- _Action item_
Beneath this sentence is a listing. Return its lines from the one containing "นายชัยยุทธ อังศุวิทยาหุ้นส่วนสำนักงาน เอ.เอ็ม.ที." through the last, exactly, and omit the pictures.

- _Record extracts_
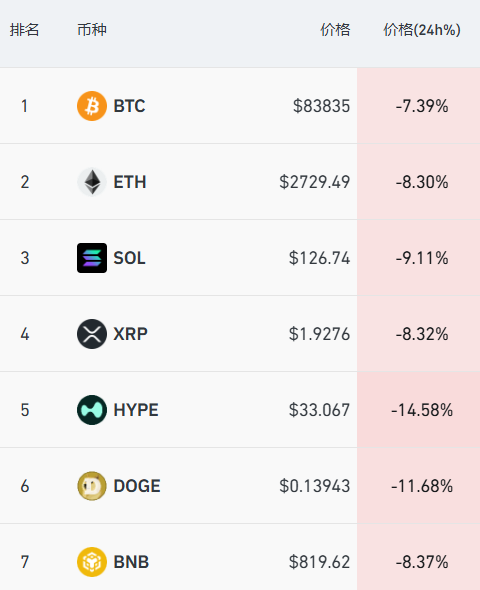 加密货币方面,主要币种集体下挫,比特币从8.06万美元回升至8.3万美元,日内跌幅收窄至7%。过去24小时,全市场超40万人被爆仓。
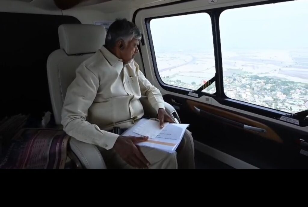 హెలికాప్టర్ ద్వారా తుఫాన్ ప్రభావిత ప్రాంతాల పరిశీలిస్తున్న సీఎం చంద్రబాబు
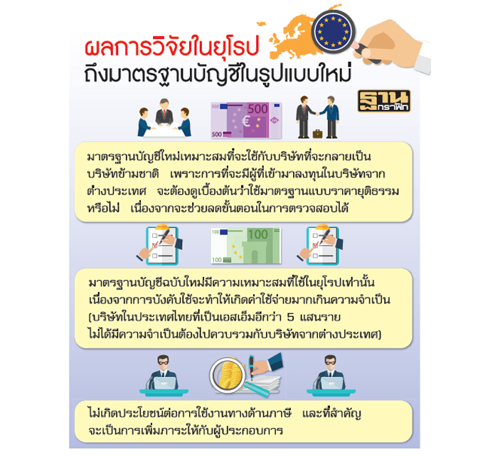 นายชัยยุทธ อังศุวิทยาหุ้นส่วนสำนักงาน เอ.เอ็ม.ที. แอสโซซิเอท ซึ่งเป็นสำนักสอบบัญชีเปิดเผยกับ “ฐานเศรษฐกิจ” ว่าวันที่ 1 มกราคม 2561 สภาวิชาชีพบัญชีจะประกาศให้มีการใช้มาตรฐานบัญชี IFRS for SME ของสากล หรือยกร่างมาตรฐานบัญชีฉบับใหม่ เพื่อบังคับใช้กับนิติบุคคลไทยในกลุ่มของนิติบุคคลที่อยู่นอกตลาดหลักทรัพย์แห่งประเทศไทย (ตลท.) ซึ่งเป็นกิจการที่ไม่มีส่วนได้ส่วนเสียสาธารณะ (NPAE) ต้องจัดทำบัญชีแบบง่ายที่เรียกว่า NPAE Accounting โดยจะยกเลิกมาตรฐานฉบับ NPAE ที่ใช้ในปัจจุบัน
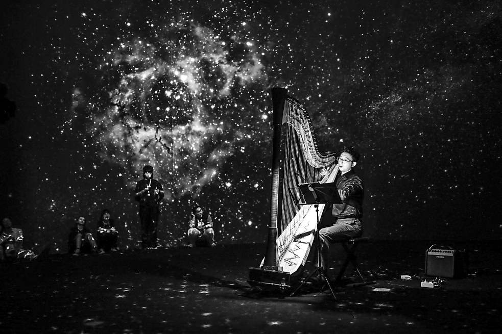 開(kāi)幕當(dāng)天還舉辦了以“奔赴天文與藝術(shù)的宇宙浪漫”為題的論壇,圍繞展覽中的天文藝術(shù)作品展開(kāi)討論。時(shí)代美術(shù)館執(zhí)行副館長(zhǎng)劉威威表示,展覽通過(guò)藝術(shù)化手段、人文關(guān)懷的角度呈現(xiàn)硬核科學(xué)知識(shí),讓公眾更好地認(rèn)知科學(xué),感受宇宙的浪漫。她相信,這樣“詩(shī)意的科普”與“科普的詩(shī)意”結(jié)合也許是未來(lái)科學(xué)藝術(shù)展的趨勢(shì)之一。論壇結(jié)束后,青年豎琴演奏家馬佳杰在星輝斑斕的展廳內(nèi)帶來(lái)了精彩的現(xiàn)場(chǎng)音樂(lè)會(huì)。展覽將持續(xù)至10月8日。
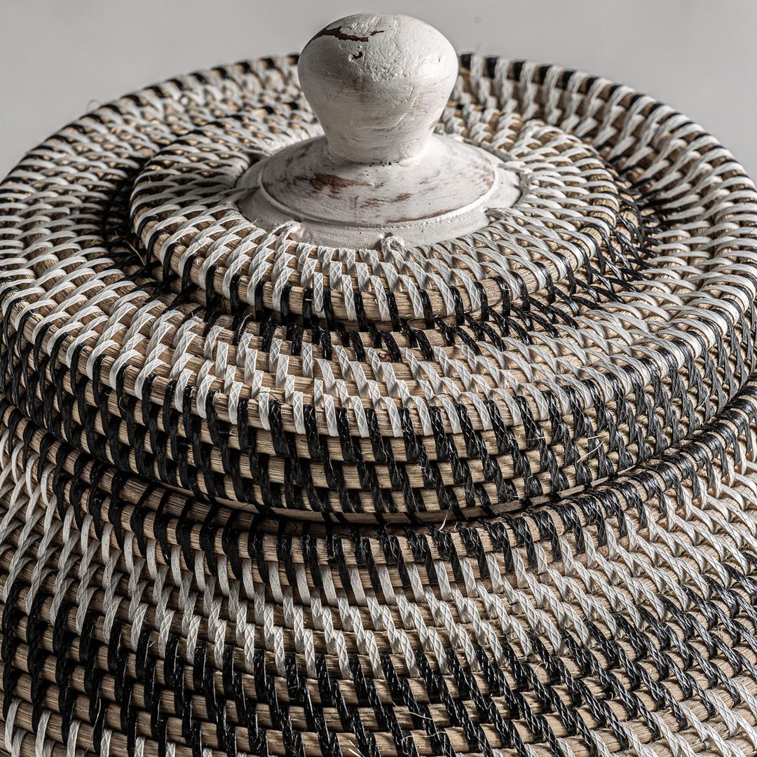 Ваза «ZIRBA», натурального/белого цвета, в этническом стиле. Изготовлена из ротанга.

- _Answer space_
 นายชัยยุทธ อังศุวิทยาหุ้นส่วนสำนักงาน เอ.เอ็ม.ที. แอสโซซิเอท ซึ่งเป็นสำนักสอบบัญชีเปิดเผยกับ “ฐานเศรษฐกิจ” ว่าวันที่ 1 มกราคม 2561 สภาวิชาชีพบัญชีจะประกาศให้มีการใช้มาตรฐานบัญชี IFRS for SME ของสากล หรือยกร่างมาตรฐานบัญชีฉบับใหม่ เพื่อบังคับใช้กับนิติบุคคลไทยในกลุ่มของนิติบุคคลที่อยู่นอกตลาดหลักทรัพย์แห่งประเทศไทย (ตลท.) ซึ่งเป็นกิจการที่ไม่มีส่วนได้ส่วนเสียสาธารณะ (NPAE) ต้องจัดทำบัญชีแบบง่ายที่เรียกว่า NPAE Accounting โดยจะยกเลิกมาตรฐานฉบับ NPAE ที่ใช้ในปัจจุบัน
 開(kāi)幕當(dāng)天還舉辦了以“奔赴天文與藝術(shù)的宇宙浪漫”為題的論壇,圍繞展覽中的天文藝術(shù)作品展開(kāi)討論。時(shí)代美術(shù)館執(zhí)行副館長(zhǎng)劉威威表示,展覽通過(guò)藝術(shù)化手段、人文關(guān)懷的角度呈現(xiàn)硬核科學(xué)知識(shí),讓公眾更好地認(rèn)知科學(xué),感受宇宙的浪漫。她相信,這樣“詩(shī)意的科普”與“科普的詩(shī)意”結(jié)合也許是未來(lái)科學(xué)藝術(shù)展的趨勢(shì)之一。論壇結(jié)束后,青年豎琴演奏家馬佳杰在星輝斑斕的展廳內(nèi)帶來(lái)了精彩的現(xiàn)場(chǎng)音樂(lè)會(huì)。展覽將持續(xù)至10月8日。
 Ваза «ZIRBA», натурального/белого цвета, в этническом стиле. Изготовлена из ротанга.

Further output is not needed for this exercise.